Celui est complexe car il peut y avoir une ressemblance ou coexistance d’autres syndrômes tels que:

  • Le syndrôme de fatigue chronique
  • La migraine
  • La polyarthrite rhumatoïde

L’American College of Rheumatologie a retenu deux critères: La douleur doit être diffuse pendant plus de 3 mois, et il doit y avoir une douleur ressentie à la pression d’au moins 11 des 18 points sensibles du corps.
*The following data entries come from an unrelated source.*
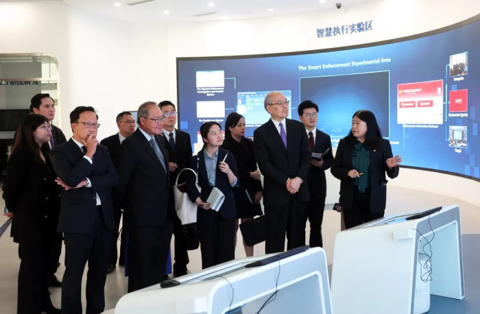 黄鲁胜一行还参观了最高人民法院智慧法院重点实验室。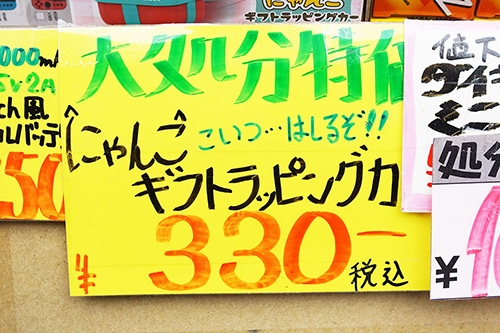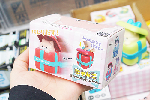 あきばお~弐號店では、「にゃんこギフトラッピングカー」が処分特価の330円で販売されていました。蓋を押し込むと走るゼンマイ式の可愛らしいおもちゃです。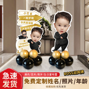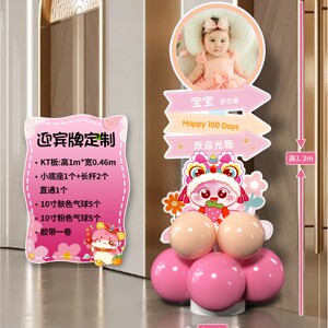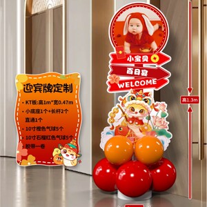 百日宴布置百天满月宴周岁迎宾牌男女孩宝宝生日装饰立牌背景kt板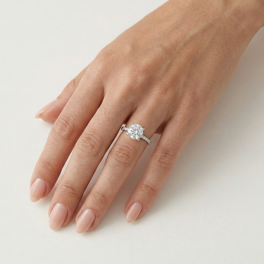 Tento krásný zásnubní prsten v akcentním designu z 14-karátového bílého zlata a velkým centrálním kubickým zirkonem dekorovaný malými kubickými zirkony kulatého brusu na každém rameni prstenu.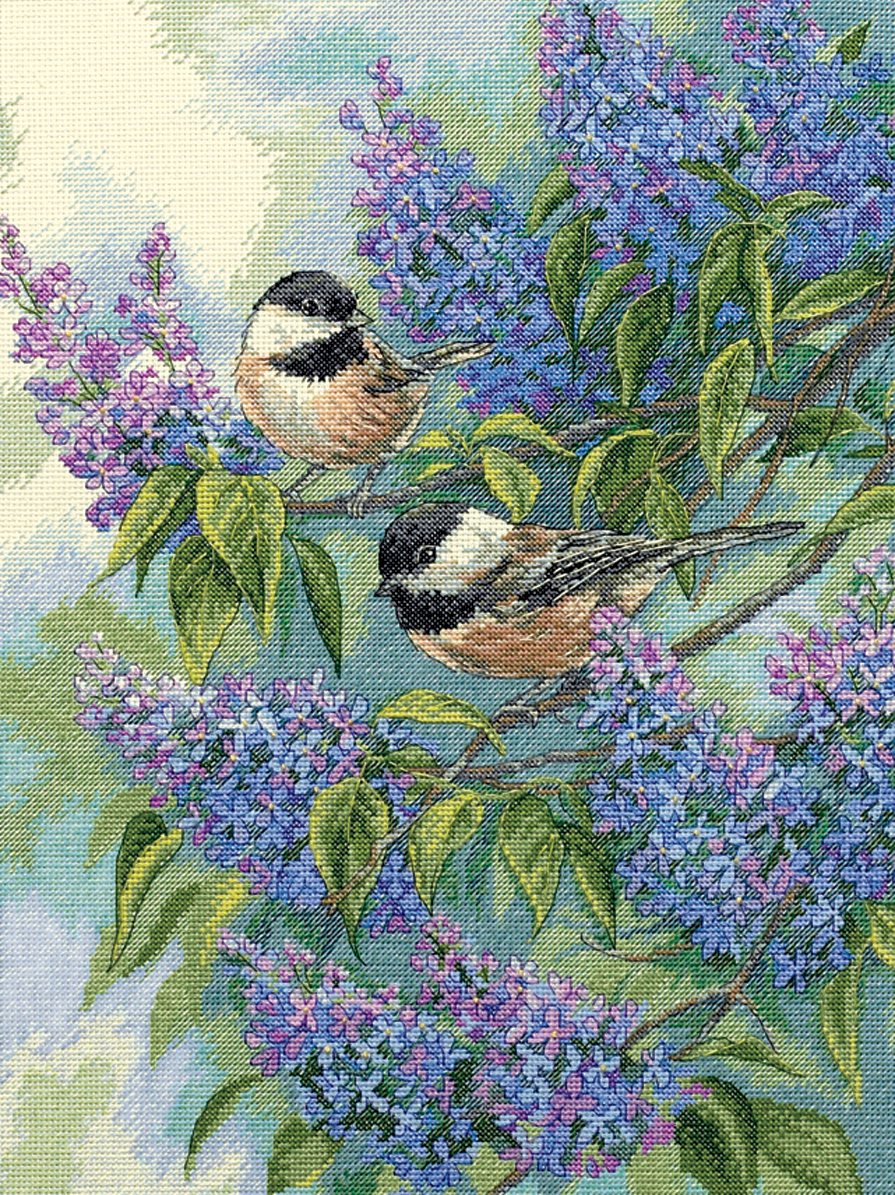 DIMENSIONS-The Gold Collection: Counted Cross Stitch. The Gold Collection Kits are wonderfully detailed with full and half cross stitches. Kit includes: 14 count Aida, cotton thread, color-coded thread sorter, needle and easy instructions. Mat and frame are not included. Finished size: 16x12in (30x41cm). Design: Chickadees & Lilacs. Designer: Rosemary Millette. Imported.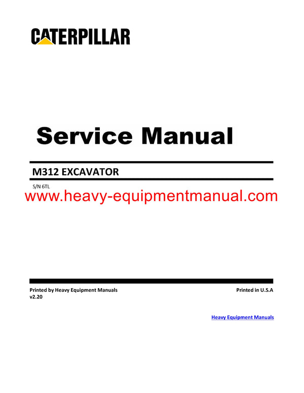 It is Complete Original Factory for Caterpillar M312 EXCAVATOR covers all the service and repair information about Caterpillar M312 EXCAVATOR. The information in this manual covers everything you need to know when you want to repair Caterpillar M312 EXCAVATOR.
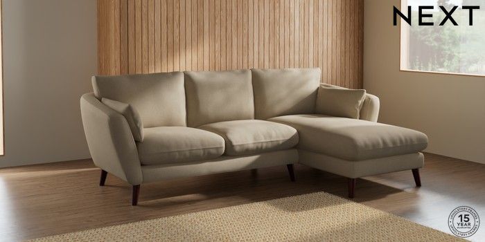 6.12.1 Buy Orlo Relaxed Sit Medium Sofa Chaise - Right Hand Natural Mix Light Natural Retro Tapered - Dark Brown from the Next UK online shop Click here to use our accessible website
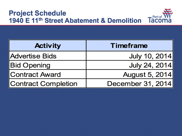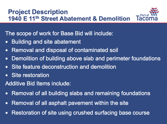 “It will be good to see that work completed,” said Port of Tacoma Commissioner Clare Petrich during a commission meeting on July 3, when commissioners authorized funding for the demolition.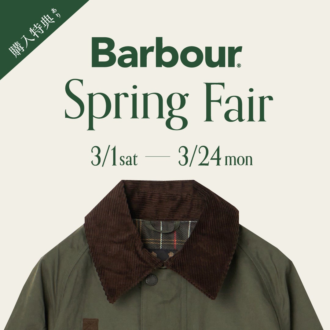 クラシックなデザインと実用的なディテールで愛され続ける、英国の老舗ブランド「Barbour(バブアー)」。ブリティッシュメイドでは、3月1日(土)〜3月24日(月)の期間中、通常取り扱いのないモデルやカラー、豊富なサイズバリエーションを揃えた「バブアースプリングフェア」を開催致します。さらに、フェア期間中に対象商品をご購入いただいた方には、ノベルティをプレゼント。時代に左右されない“一生ものアウター”を、この機会にぜひ。

Les douleurs diffuses sont une des caractéristique de cette maladie. La douleur de la fibromyalgie peut changer d’aspect. Parfois elle est décrite comme une brûlure, des tiraillements, des picotements, une douleur lancinante, ou des fourmillements.
Un excès d’activités ou au contraire l’inactivité, les conditions atmosphériques, le stress, tous ces facteurs peuvent aggraver la douleur, tandis qu’à d’autres moments, les symptômes s’améliorent provisoirement ou au contraire, s’empirent sans raison évidente.
La douleur de la fibromyalgie peut aussi changer d’endroit. Un jour, ce seront les hanches et les côtes qui seront particulièrement douloureuses, le lendemain la nuque, les épaules et le bas du dos.
La douleur peut être lancinante ou brûlante aux attaches musculaires au niveau des articulations importantes, surtout après des activités physiques.

Les symptômes associés

  • Paresthésies : Des engourdissements ou des fourmillements (dans les mains ou les pieds) accompagnent parfois la fibromyalgie.
  • Hypersensibilité : à la température, à la lumière, aux bruits, aux odeurs, à l’environnement (des réactions semblables à de l’allergie à toutes sortes de substances sont communes.), etc.
  • Plaintes au niveau de la peau : Des symptômes comme les démangeaisons, la sécheresse, ou les rougeurs de la peau, peuvent accompagner la fibromyalgie.
  • Déséquilibres/vertiges : Les patients peuvent avoir des troubles de l’équilibre ou des vertiges qui se manifestent de différentes manières.
  • Troubles relatifs à la connaissance : Les personnes fibromyalgiques font état d’un certain nombre de perturbations cognitives variant de jour en jour. Difficultés de concentration, perte de mémoire à court terme, etc.
  • Sensation dans les jambes : Certains patients peuvent développer un trouble neurologique connu sous le nom de « syndrome des jambes sans repos » qui se caractérise par un irrésistible besoin de bouger les jambes particulièrement quand elles sont au repos.
  • Dépression et anxiété : Quoique les patients soient souvent mal diagnostiqués (comme souffrant de dépression et d’anxiété), ces états sont souvent le résultat de la douleur chronique et de l’inconfort dus à la fibromyalgie, plutôt que la cause de ces symptômes.

Les traitements

Il n’y a pas actuellement de traitement connu pour la fibromyalgie. Ce qui semble le plus efficace consiste en une combinaison de trois méthodes majeures : les médicaments, les exercices physiques (endurance, renforcement et étirements) et l’adaptation de son mode de vie (il est par exemple important d’alterner activité et repos).
Un soutien psychologique peut s’avérer nécessaire pour surmonter le caractère chronique de la maladie. Certaines méthodes de relaxation peuvent aider à détourner l’attention lors d’une période de douleur. L’hydrothérapie en eau tiède (minimum 32°), le yoga, le taï-chi, etc. sont également des moyens d’atténuer les symptômes.

La nutrithérapie peut dans certains cas être utile.